Definition 1 (Dataflow Equations) An inductive program invariant \(\hat{\Sigma}\) is a solution to the set of dataflow equations for program \(g\) with an entry location \(\ell_0\) and initial abstract store \(\hat{\rho}_0\): \[ \begin{array}{rrll} \hat{\Sigma}( \ell_0 ) & = & \hat{\rho}_0 \\ \hat{\Sigma}( \ell_i ) & = & \bigsqcup_{ \ell_j \mathrel{\mathord{-}\mkern-4mu[c]\mkern-4mu\mathord{\rightarrow}} \ell_i \in g} \{ \hat{\rho}' \mid \hat{\Sigma}(\ell_j) \vdash c \Downarrow\hat{\rho}' \} & \text{for $i \neq 0$} \end{array} \]

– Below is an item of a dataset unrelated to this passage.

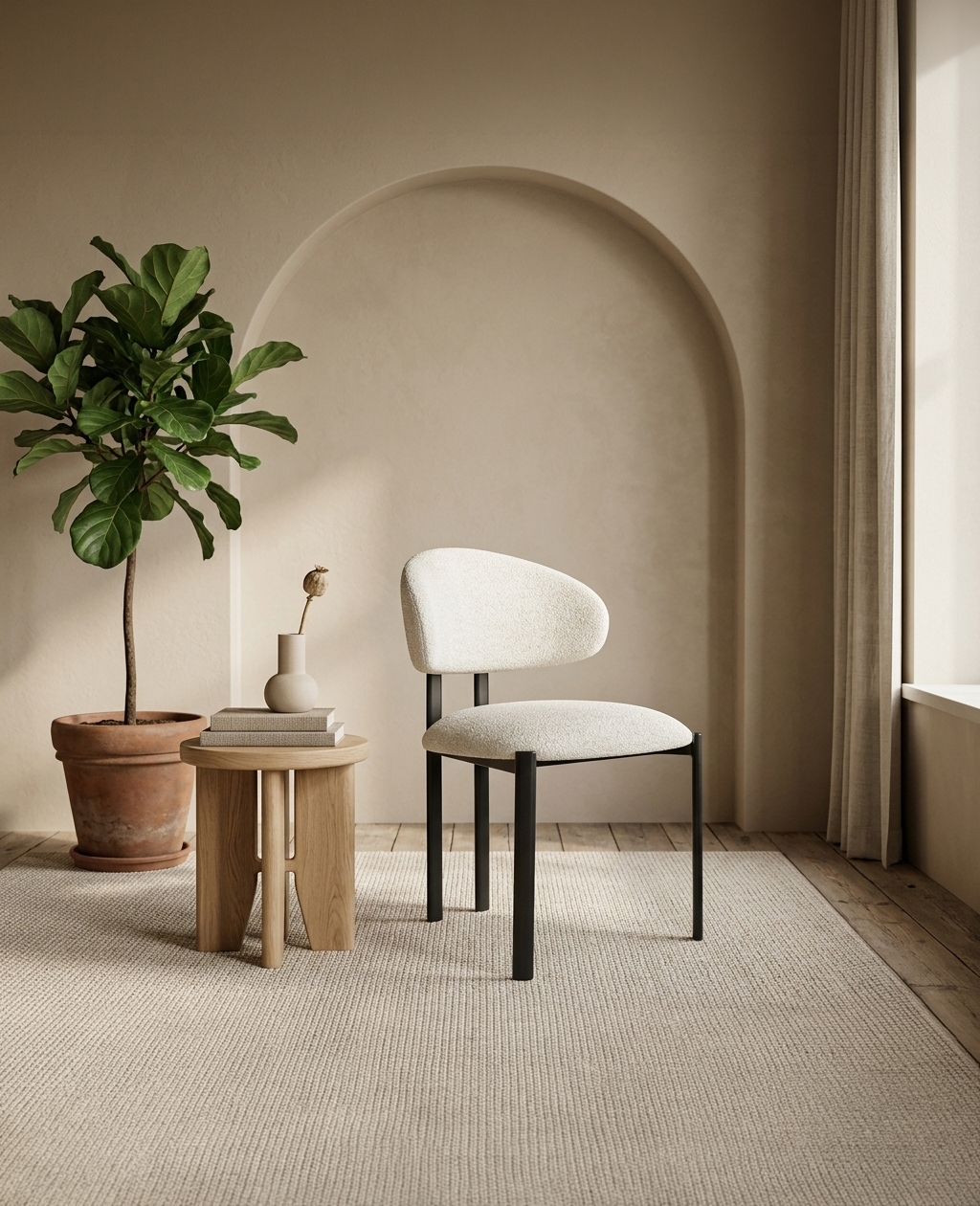 • Crafted with elegant walnut veneer legs, this chair showcases a warm, natural wood aesthetic that brings a touch of sophistication to any space. The rich grain detailing adds visual depth, while the sturdy construction ensures lasting stability and refined style.

We solve a dataflow analysis by finding the least fixed point of the set of transfer functions (i.e., one for each program location \(\ell_i\) where \(i \neq 0\)).

Exercise: Chaotic Iteration

\[ \begin{array}{rrll} \hat{\Sigma}( \ell_0 ) & = & \hat{\rho}_0 \\ \hat{\Sigma}( \ell_i ) & = & \bigsqcup_{ \ell_j \mathrel{\mathord{-}\mkern-4mu[c]\mkern-4mu\mathord{\rightarrow}} \ell_i \in g} \{ \hat{\rho}' \mid \hat{\Sigma}(\ell_j) \vdash c \Downarrow\hat{\rho}' \} & \text{for $i \neq 0$} \end{array} \]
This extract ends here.